尽量平均分配接收器。尽管如果,如果接收器的preferredLocations方法的返回值不均衡,我们也许不能均衡的调度,因为我们必须尊重他们。
以下是分配执行器的途径:
1. 分配所有的有偏向地址的接收器。
2. 分配其它的接收器在所有的执行器上,整体的执行器的分布要均衡。
这个方法当我们开始启动接收器时被调用。
/**
* Try our best to schedule receivers with evenly distributed. However, if the
* `preferredLocation`s of receivers are not even, we may not be able to schedule them evenly
* because we have to respect them.
*
* Here is the approach to schedule executors:
* <ol>
* <li>First, schedule all the receivers with preferred locations (hosts), evenly among the
* executors running on those host.</li>
* <li>Then, schedule all other receivers evenly among all the executors such that overall
* distribution over all the receivers is even.</li>
* </ol>
*
* This method is called when we start to launch receivers at the first time.
*
* @return a map for receivers and their scheduled locations
*/
def scheduleReceivers(
receivers: Seq[Receiver[_]],
executors: Seq[ExecutorCacheTaskLocation]): Map[Int, Seq[TaskLocation]] = {
if (receivers.isEmpty) {
return Map.empty
}
if (executors.isEmpty) {
return receivers.map(_.streamId -> Seq.empty).toMap
}
val hostToExecutors = executors.groupBy(_.host)
val scheduledLocations = Array.fill(receivers.length)(new mutable.ArrayBuffer[TaskLocation])
val numReceiversOnExecutor = mutable.HashMap[ExecutorCacheTaskLocation, Int]()
// Set the initial value to 0
executors.foreach(e => numReceiversOnExecutor(e) = 0)
// Firstly, we need to respect "preferredLocation". So if a receiver has "preferredLocation",
// we need to make sure the "preferredLocation" is in the candidate scheduled executor list.
for (i <- 0 until receivers.length) {
// Note: preferredLocation is host but executors are host_executorId
receivers(i).preferredLocation.foreach { host =>
hostToExecutors.get(host) match {
case Some(executorsOnHost) =>
// preferredLocation is a known host.

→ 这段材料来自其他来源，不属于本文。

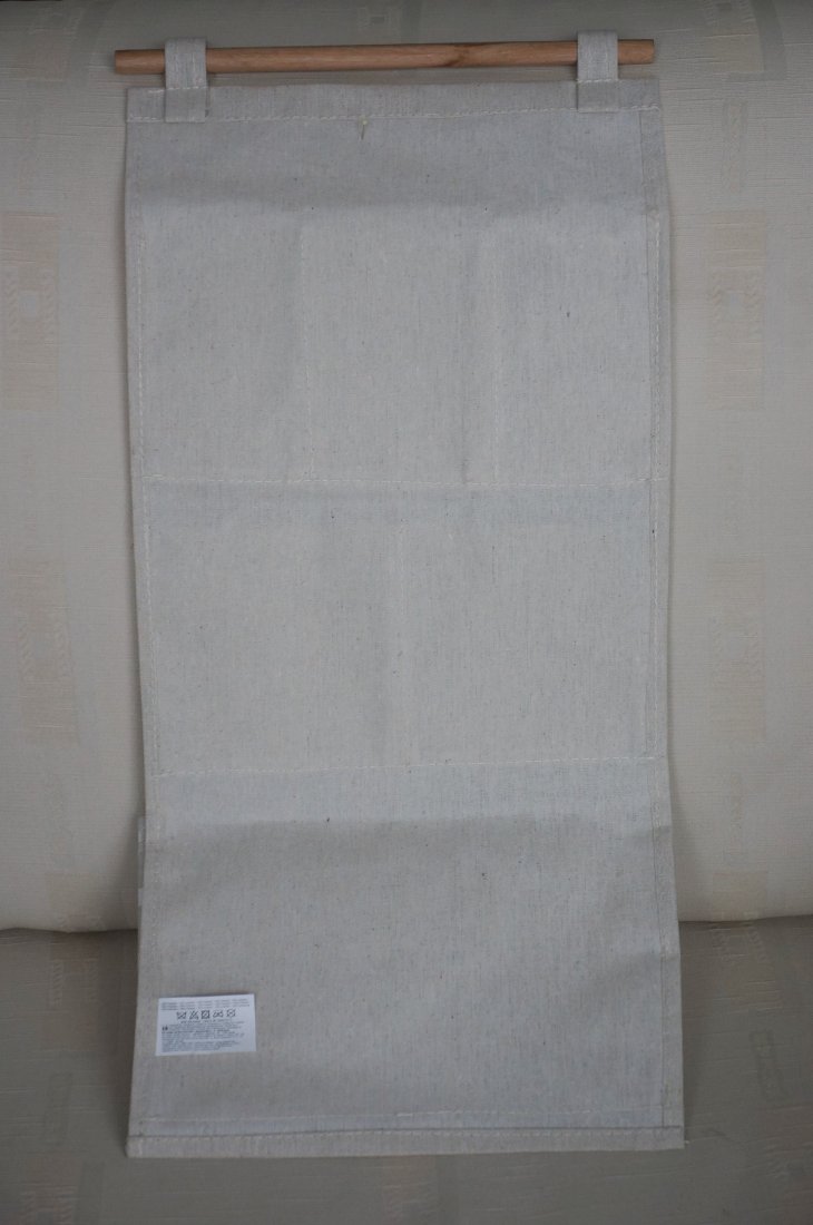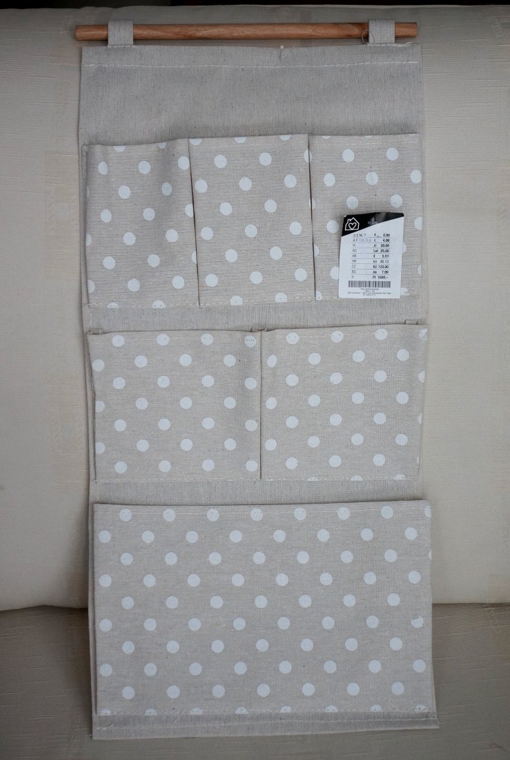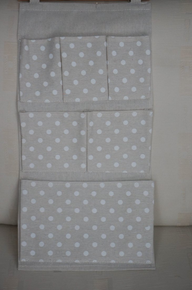 Tekstylny, wiszący organizer z kieszeniami w beżowym kolorze z białymi kropkami. Posiada 6 przegródek na różnego rodzaju akcesoria i drobiazgi. Przedmiot nowy. Stan bardzo dobry.
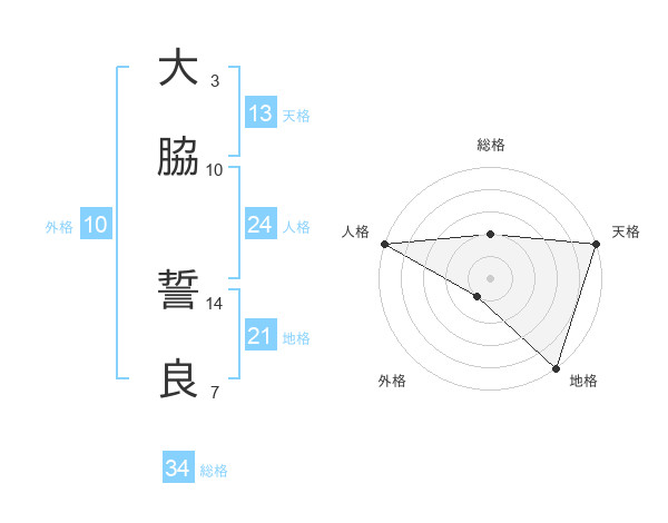 大脇 誓良さんを姓名の画数から五運を鑑定
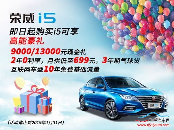 2019购荣威高能i5,全家期许一步到位,i5高能互联网中级车,集高能设计、高能动力、高能互联、高能空间、高能安全五大高能,还有荣威专属气球贷,让小梦想也能轻松实现,即日起至2019年1月31日购买荣威i5的用户,即可享受高能豪礼(不与现金优惠同时享受):现金礼:9000/13000元 智慧礼:互联网车型10年免费基础流量(价值约4000元)金融礼:2年零利率(价值约3000元) 轻松礼:月供低至699元,3年期气球贷等多种金融方案 2019购荣威i5,享受高能优质生活。 高能驾控:实现7.9秒级破百、35米刹停 高能安全:配置360°全景影像、ADAS 高能科技:拥有10.1英寸高清魅彩触控电容屏、12.13英寸液晶数字交互式组合仪表、搭载互联网汽车智能系统2.0 高能舒适:感受零重力豪华美臀座椅、超大后排空间高能设计:体现年轻律动情感设计语言、最美双曲灵跃腰线 你的期许,高能i5负责实现,诚挚邀请您和家人来店试乘试驾,体验i5智慧,领取i5豪礼(详情欢迎致电垂询)。
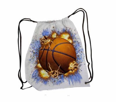 Personalized custom Draw String Backpack, White, 15.5″ x 19.25″, 100% Polyester. Great for sports, the grommetted nylon strings are quite sturdy and this bag looks great imprinted.
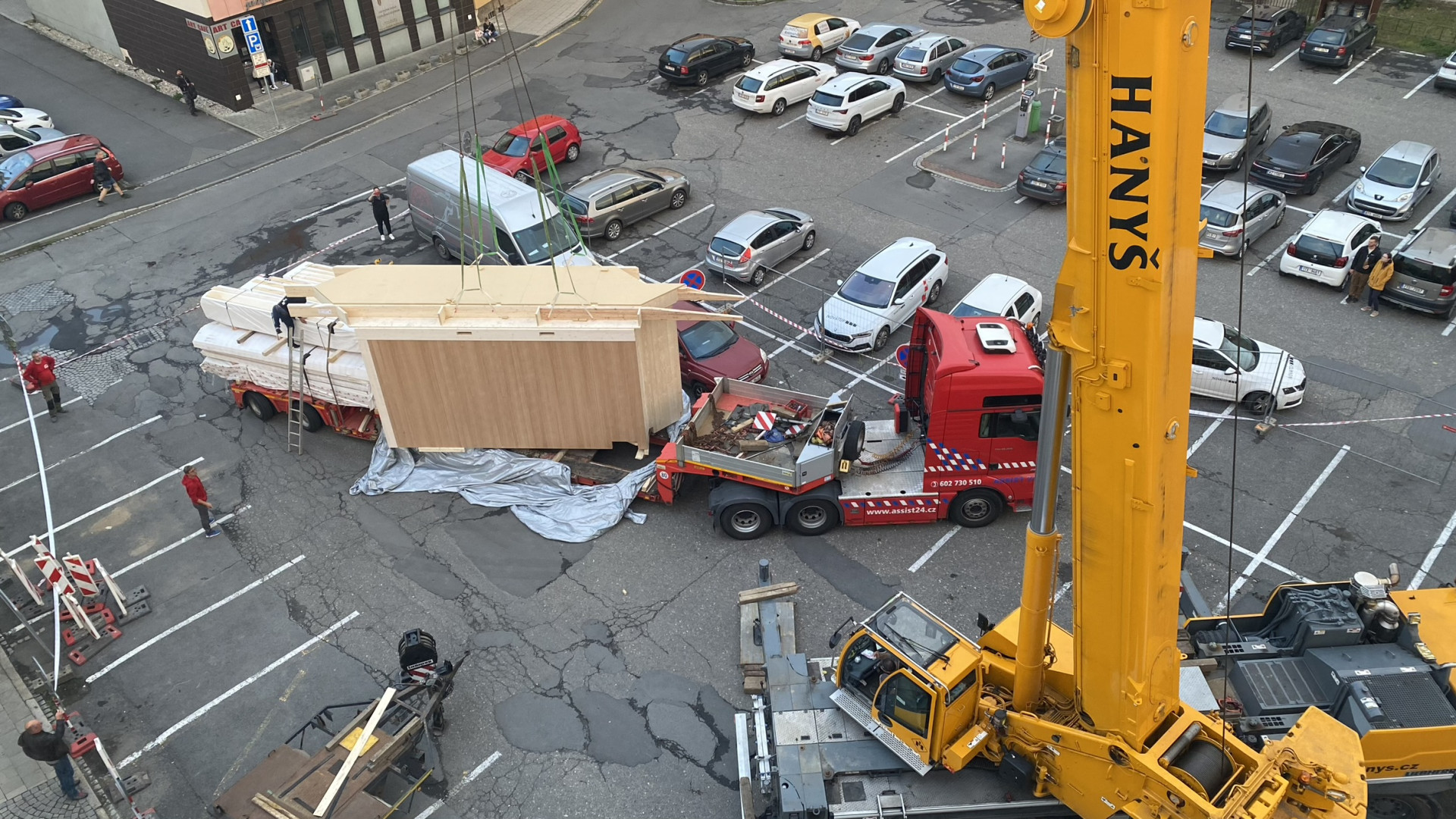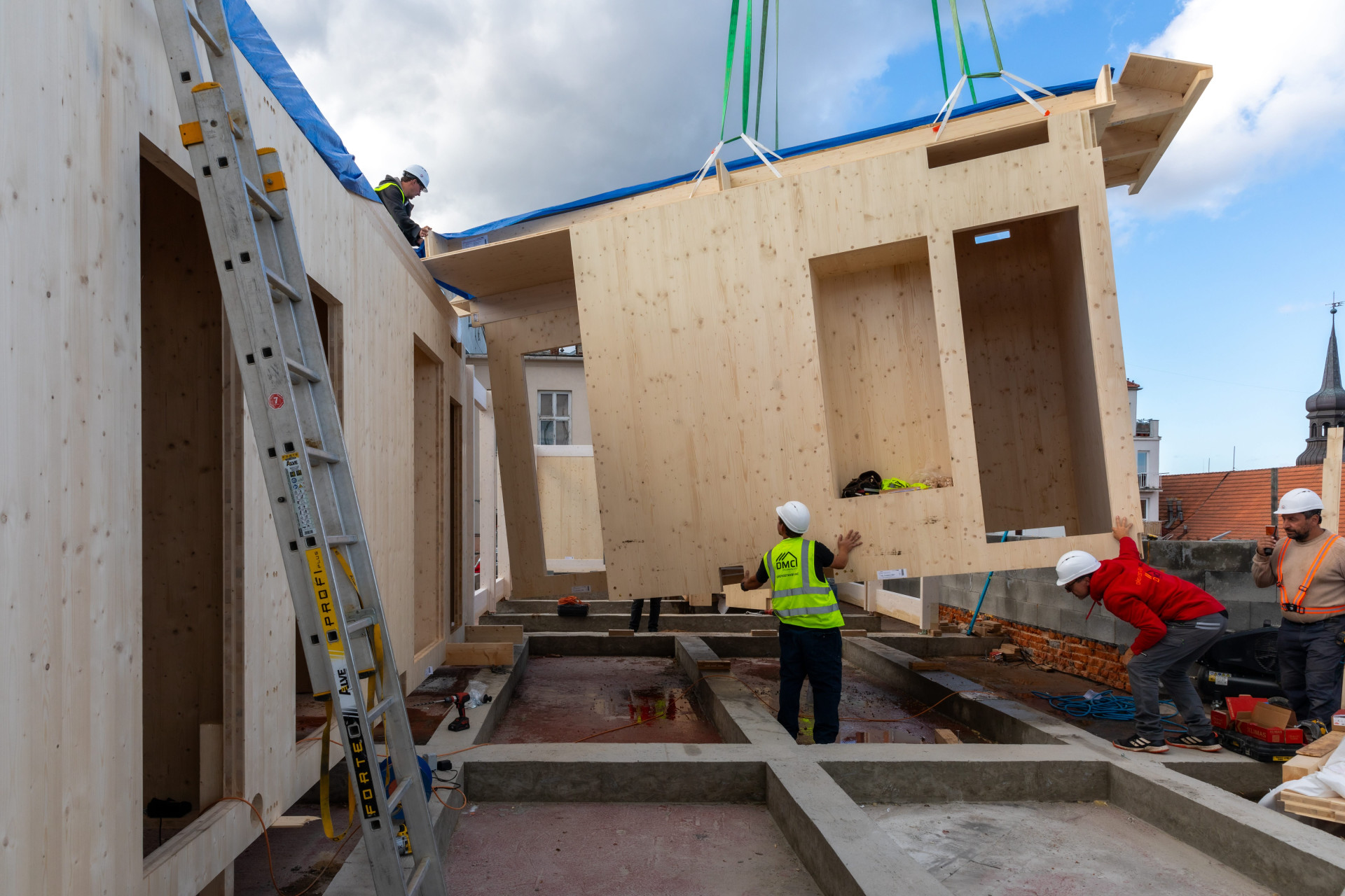 Architekti zvolili dřevěnou nástavbu ze tří důvodů – za prvé kvůli nejasné podobě spodní stavby a jejímu rozdílnému modulu oproti nástavbě, za druhé kvůli rychlosti a snaze o maximální stupeň prefabrikace a za třetí kvůli udržitelnosti, protože investorovi je dřevo víc než blízké. Celá nástavba je prefabrikovaná. Důvodů bylo víc – primárně šlo o časový limit. Město stanovilo časový limit výstavby pouze na jeden týden.

Select an executor that has the least receivers in
// this host
val leastScheduledExecutor =
executorsOnHost.minBy(executor => numReceiversOnExecutor(executor))
scheduledLocations(i) += leastScheduledExecutor
numReceiversOnExecutor(leastScheduledExecutor) =
numReceiversOnExecutor(leastScheduledExecutor) + 1
case None =>
// preferredLocation is an unknown host.
// Note: There are two cases:
// 1. This executor is not up. But it may be up later.
// 2. This executor is dead, or it's not a host in the cluster.
// Currently, simply add host to the scheduled executors.
// Note: host could be `HDFSCacheTaskLocation`, so use `TaskLocation.apply` to handle
// this case
scheduledLocations(i) += TaskLocation(host)
}
}
}
// For those receivers that don't have preferredLocation, make sure we assign at least one
// executor to them.
for (scheduledLocationsForOneReceiver <- scheduledLocations.filter(_.isEmpty)) {
// Select the executor that has the least receivers
val (leastScheduledExecutor, numReceivers) = numReceiversOnExecutor.minBy(_._2)
scheduledLocationsForOneReceiver += leastScheduledExecutor
numReceiversOnExecutor(leastScheduledExecutor) = numReceivers + 1
}
// Assign idle executors to receivers that have less executors
val idleExecutors = numReceiversOnExecutor.filter(_._2 == 0).map(_._1)
for (executor <- idleExecutors) {
// Assign an idle executor to the receiver that has least candidate executors.
val leastScheduledExecutors = scheduledLocations.minBy(_.size)
leastScheduledExecutors += executor
}
receivers.map(_.streamId).zip(scheduledLocations).toMap
}